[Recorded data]
====

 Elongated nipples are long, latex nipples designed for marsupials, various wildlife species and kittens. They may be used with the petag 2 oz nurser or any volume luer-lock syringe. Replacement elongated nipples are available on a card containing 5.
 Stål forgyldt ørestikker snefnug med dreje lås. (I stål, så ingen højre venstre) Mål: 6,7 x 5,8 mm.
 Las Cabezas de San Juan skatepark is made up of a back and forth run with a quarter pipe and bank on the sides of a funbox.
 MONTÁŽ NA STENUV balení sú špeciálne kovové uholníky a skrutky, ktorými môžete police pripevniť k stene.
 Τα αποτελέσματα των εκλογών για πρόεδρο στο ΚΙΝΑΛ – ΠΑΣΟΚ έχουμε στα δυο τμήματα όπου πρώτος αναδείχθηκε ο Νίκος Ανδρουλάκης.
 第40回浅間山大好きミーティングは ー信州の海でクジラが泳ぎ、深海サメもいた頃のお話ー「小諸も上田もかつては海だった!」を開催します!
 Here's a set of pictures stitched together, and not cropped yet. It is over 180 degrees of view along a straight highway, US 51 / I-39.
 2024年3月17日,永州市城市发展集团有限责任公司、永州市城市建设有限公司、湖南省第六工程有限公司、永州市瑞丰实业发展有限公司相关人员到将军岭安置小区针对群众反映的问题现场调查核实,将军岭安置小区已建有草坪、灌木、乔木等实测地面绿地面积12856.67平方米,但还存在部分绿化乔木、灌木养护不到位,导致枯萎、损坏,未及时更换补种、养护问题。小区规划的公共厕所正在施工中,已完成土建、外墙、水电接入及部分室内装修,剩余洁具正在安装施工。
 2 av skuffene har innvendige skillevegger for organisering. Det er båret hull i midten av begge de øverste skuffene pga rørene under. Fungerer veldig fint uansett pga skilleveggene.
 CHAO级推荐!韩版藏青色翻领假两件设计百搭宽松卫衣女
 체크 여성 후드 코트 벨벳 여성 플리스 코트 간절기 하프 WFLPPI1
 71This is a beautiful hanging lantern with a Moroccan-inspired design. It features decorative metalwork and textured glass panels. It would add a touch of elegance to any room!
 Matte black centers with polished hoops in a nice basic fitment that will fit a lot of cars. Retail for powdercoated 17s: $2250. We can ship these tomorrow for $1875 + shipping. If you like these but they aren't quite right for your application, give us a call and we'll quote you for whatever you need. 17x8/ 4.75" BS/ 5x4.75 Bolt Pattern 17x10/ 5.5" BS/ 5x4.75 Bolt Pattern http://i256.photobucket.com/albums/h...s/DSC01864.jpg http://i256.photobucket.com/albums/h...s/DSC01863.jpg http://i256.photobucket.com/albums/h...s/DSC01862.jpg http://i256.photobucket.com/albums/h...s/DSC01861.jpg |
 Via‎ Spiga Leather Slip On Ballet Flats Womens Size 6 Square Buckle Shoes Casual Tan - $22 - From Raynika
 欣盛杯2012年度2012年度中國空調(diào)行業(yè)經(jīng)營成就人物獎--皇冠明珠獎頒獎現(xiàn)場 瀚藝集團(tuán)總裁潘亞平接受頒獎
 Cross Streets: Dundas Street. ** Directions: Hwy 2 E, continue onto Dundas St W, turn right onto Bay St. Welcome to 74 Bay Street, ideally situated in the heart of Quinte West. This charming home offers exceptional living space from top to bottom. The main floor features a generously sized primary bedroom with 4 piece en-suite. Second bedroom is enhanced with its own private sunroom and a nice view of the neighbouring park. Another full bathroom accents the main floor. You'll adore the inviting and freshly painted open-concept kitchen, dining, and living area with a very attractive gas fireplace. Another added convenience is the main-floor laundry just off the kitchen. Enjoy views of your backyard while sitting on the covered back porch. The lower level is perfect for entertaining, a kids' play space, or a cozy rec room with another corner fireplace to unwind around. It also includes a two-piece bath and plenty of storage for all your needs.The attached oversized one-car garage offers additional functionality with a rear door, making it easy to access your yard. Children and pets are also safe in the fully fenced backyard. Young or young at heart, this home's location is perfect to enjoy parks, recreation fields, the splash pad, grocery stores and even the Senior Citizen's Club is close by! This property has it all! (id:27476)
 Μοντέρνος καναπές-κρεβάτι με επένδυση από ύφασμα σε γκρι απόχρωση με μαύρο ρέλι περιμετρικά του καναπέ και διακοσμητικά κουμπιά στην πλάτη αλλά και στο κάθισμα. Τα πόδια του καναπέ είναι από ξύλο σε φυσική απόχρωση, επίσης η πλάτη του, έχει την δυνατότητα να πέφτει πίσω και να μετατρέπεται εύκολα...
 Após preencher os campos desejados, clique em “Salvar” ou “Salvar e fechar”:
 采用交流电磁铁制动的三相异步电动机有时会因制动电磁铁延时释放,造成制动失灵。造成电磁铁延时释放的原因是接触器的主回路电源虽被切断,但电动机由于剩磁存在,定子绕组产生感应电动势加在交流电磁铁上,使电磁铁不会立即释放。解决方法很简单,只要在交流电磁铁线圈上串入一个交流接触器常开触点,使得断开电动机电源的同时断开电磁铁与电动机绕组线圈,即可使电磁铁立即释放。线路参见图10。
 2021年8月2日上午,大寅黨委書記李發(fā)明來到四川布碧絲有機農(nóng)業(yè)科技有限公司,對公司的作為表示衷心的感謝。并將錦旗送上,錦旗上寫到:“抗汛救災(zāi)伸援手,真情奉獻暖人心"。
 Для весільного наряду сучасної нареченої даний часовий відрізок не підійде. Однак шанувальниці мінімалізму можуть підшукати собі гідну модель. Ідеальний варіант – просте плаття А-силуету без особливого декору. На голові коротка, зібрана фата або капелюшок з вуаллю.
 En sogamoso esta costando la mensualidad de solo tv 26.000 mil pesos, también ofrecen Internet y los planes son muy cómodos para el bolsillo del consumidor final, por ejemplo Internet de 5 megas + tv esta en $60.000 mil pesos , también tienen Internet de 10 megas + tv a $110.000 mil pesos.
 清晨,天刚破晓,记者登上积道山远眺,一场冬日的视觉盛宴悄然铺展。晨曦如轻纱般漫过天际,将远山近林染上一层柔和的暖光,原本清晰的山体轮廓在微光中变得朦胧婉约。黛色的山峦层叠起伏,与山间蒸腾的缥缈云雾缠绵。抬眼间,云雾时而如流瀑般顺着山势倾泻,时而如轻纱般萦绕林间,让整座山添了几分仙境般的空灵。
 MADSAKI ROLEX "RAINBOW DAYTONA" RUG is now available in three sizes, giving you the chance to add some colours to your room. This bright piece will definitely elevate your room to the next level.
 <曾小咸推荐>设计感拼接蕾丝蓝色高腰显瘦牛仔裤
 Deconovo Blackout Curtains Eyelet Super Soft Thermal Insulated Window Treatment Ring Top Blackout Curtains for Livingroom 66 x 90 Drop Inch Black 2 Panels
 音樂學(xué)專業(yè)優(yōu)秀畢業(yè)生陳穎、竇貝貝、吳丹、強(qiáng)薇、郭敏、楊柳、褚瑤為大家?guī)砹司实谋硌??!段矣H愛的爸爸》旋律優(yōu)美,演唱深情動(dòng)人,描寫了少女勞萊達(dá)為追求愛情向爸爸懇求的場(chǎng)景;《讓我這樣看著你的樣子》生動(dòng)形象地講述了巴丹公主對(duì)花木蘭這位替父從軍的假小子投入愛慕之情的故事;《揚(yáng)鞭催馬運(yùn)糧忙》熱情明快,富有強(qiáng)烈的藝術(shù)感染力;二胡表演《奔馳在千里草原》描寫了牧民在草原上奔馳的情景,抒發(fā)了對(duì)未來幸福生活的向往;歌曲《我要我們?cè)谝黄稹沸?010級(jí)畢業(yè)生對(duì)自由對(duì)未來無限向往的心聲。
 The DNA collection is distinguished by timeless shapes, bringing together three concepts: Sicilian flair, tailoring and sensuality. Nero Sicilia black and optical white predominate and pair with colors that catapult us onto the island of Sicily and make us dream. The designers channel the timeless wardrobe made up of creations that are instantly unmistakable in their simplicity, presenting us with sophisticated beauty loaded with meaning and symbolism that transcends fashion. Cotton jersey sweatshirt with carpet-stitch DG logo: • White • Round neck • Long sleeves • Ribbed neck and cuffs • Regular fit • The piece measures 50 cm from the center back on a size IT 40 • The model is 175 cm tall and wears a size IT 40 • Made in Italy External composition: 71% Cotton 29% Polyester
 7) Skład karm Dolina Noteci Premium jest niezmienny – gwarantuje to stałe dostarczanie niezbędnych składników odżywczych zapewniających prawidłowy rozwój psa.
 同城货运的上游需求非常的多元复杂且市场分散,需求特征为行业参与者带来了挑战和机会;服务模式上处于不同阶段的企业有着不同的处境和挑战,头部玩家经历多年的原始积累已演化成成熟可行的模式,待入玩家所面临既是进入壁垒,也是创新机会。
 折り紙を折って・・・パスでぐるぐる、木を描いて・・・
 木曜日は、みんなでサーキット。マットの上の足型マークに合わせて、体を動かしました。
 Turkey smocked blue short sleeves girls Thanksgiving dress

====

■ TRY IT ■
Starting at the first line of the data above, please restate word for word every line up to and including the one that holds "2024年3月17日,永州市", and add nothing else.

■ EXERCISE OUTPUT ■
 Elongated nipples are long, latex nipples designed for marsupials, various wildlife species and kittens. They may be used with the petag 2 oz nurser or any volume luer-lock syringe. Replacement elongated nipples are available on a card containing 5.
 Stål forgyldt ørestikker snefnug med dreje lås. (I stål, så ingen højre venstre) Mål: 6,7 x 5,8 mm.
 Las Cabezas de San Juan skatepark is made up of a back and forth run with a quarter pipe and bank on the sides of a funbox.
 MONTÁŽ NA STENUV balení sú špeciálne kovové uholníky a skrutky, ktorými môžete police pripevniť k stene.
 Τα αποτελέσματα των εκλογών για πρόεδρο στο ΚΙΝΑΛ – ΠΑΣΟΚ έχουμε στα δυο τμήματα όπου πρώτος αναδείχθηκε ο Νίκος Ανδρουλάκης.
 第40回浅間山大好きミーティングは ー信州の海でクジラが泳ぎ、深海サメもいた頃のお話ー「小諸も上田もかつては海だった!」を開催します!
 Here's a set of pictures stitched together, and not cropped yet. It is over 180 degrees of view along a straight highway, US 51 / I-39.
 2024年3月17日,永州市城市发展集团有限责任公司、永州市城市建设有限公司、湖南省第六工程有限公司、永州市瑞丰实业发展有限公司相关人员到将军岭安置小区针对群众反映的问题现场调查核实,将军岭安置小区已建有草坪、灌木、乔木等实测地面绿地面积12856.67平方米,但还存在部分绿化乔木、灌木养护不到位,导致枯萎、损坏,未及时更换补种、养护问题。小区规划的公共厕所正在施工中,已完成土建、外墙、水电接入及部分室内装修,剩余洁具正在安装施工。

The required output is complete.